LOWELL -- Veterinarians and animal control officials are urging the public to get their dogs vaccinated against the deadly canine parvorvirus after the number of dog deaths from the city's outbreak has risen to 21.

Animal Control Officer Darleen Wood said Monday the number of dogs who have died from the virus has risen to 21, from 15 last week. A total of 22 dogs have been infected, but only one that has survived.

Spread through the feces of infected dogs, canine parvovirus can cause vomiting, diarrhea, lethargy and a lack of appetite. A number of clinics in Lowell and Lawrence tackled the issue this weekend by offering vaccines.

Wood said almost 60 dogs received vaccines at the clinic hosted by the Lowell Police Animal Control Division on Saturday.

But she said this will not end the city's parvovirus outbreak within a week, and encouraged dog owners to get their dogs vaccinated.

"This is a regular shot that they get, this is not a special shot that you have to ask for," she said. "So really people need to understand that and they need to get their vet care."

Wood encouraged owners to be conscientious in picking up after their dog, and said owners should call their vet right away if they notice any symptoms.

Another 50 dogs were vaccinated at a free Lowell Humane Society clinic on Sunday, said Dr. Patricia Berchtold of Chelmsford Animal Hospital.

The best thing, she said, is for owners to get their dogs vaccinated at six- to eight-weeks old.


"Puppies are the ones who really get sick with it -- puppies and younger dogs," she said. "So it really is important that they get their puppies to the veterinarian."

She said the hospital usually gets a few cases each year, but not this many. The hospital has not received any of the cases in the current outbreak, Berchtold said, but one dog that tested negative still remains suspicious.

Dogs can live through treatment once infected, Berchtold said, but that can cost $1,000 to $1,200. The typical course of treatment has dogs on fluids and antibiotics for four to seven days, she said.

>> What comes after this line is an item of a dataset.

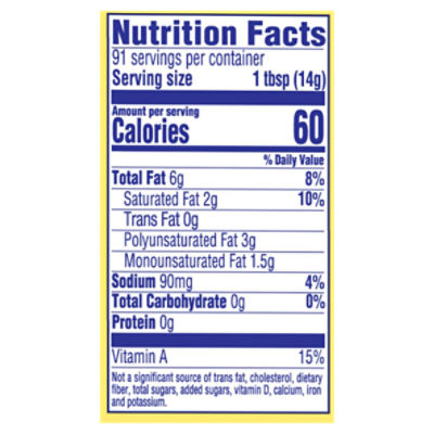 I cant believe its not butter nutrition label. I Can't Believe It's Not Butter! Sticks - H-E-B They are made with good fats from plant-based oils and contain omega-3 ALA. Specially created to ... Butter, Margarine & Other Spreads - Compare Your Options Apr 12, 2021 · I Can’t Believe It’s Not Butter (original): 1 Tbsp, 60 calories, 2g saturated fat, 3g polyunsaturated, 1.5g monounsaturated. Imperial margarine: 1 Tbsp, 40 calories, 1g saturated fat, 2g polyunsaturated, 1g monounsaturated. Light Butter & Margarine. These can be a good choice for those who are limiting calories or fat. Find I Cant Believe Its Not Butter Lite Calories & Nutrition... Search MyFitnessPal for calories, carbs, and nutritional contents for I Cant Believe Its Not Butter Lite and over 2,000,000 other foods at MyFitnessPal. LOG MASUK Daftar. Perihal. Makanan. Senaman. ... Lemak: 6g • Protin: 0g. 60. Margarin. I Cant Believe Its Not Butter, 1 tbs. Kalori: 45 ... I Can't Believe It's Not Butter Nutrition Facts & Calories -... Has high calorie density - this means that the amount of calories you are getting from an ounce is high (0.19 cal/oz). Rich in vitamins and minerals (7%/cal) - a good source of Vitamin K and Vitamin A. Contains a high amount of risky components that may include saturated fat and sodium (0.03%/oz). Relatively high in saturated fat (54% of DV/100g). This item has no fiber content (0% of DV/100g).

"If they can get through that, they do OK, but that much time in the hospital is expensive," she said. "Sometimes they need a blood transfusion."

Berchtold advised keeping dogs out of areas with other dogs.

"Walk them in areas where no other dogs are walked," she said. "Don't let them eat anything off the ground."

She said dogs need two vaccines spaced three to four weeks apart to be fully protected.

Wood said Springfield, Fitchburg and the North Shore have had a large amount of parvovirus cases too, while Lawrence has had one. Other clinics in Methuen and Lawrence have also offered free parvovirus shots.

In Lowell, the cause or origin of the outbreak still remains unclear.

"There could be 100 reasons how it started, where it originated," said Wood. "It's almost impossible to pinpoint it down."

The biggest step the office is taking, she said, is making people aware. She said the state only mandates the rabies vaccine, and dogs do not have to have the parvovirus vaccine to be licensed.

"People can still choose to not vaccinate their dog," Wood said. "We can only enforce rabies as far as a vaccine."

Linwood Animal Hospital in Lowell has seen three fatalities in the past few months, said Dr. Emilia Agrafojo, but has not had a case in the last couple of weeks.

People can sometimes get complacent when a disease such as this one is not seen in an area for a while, she said in an email.

"People may become less vigilant about making sure their dogs are up to date on vaccines, because of a 'who sees parvo anymore?' attitude," she said. "When the percent of vaccinated dogs drops too low, then a disease this contagious can spread like wild fire, with devastating results."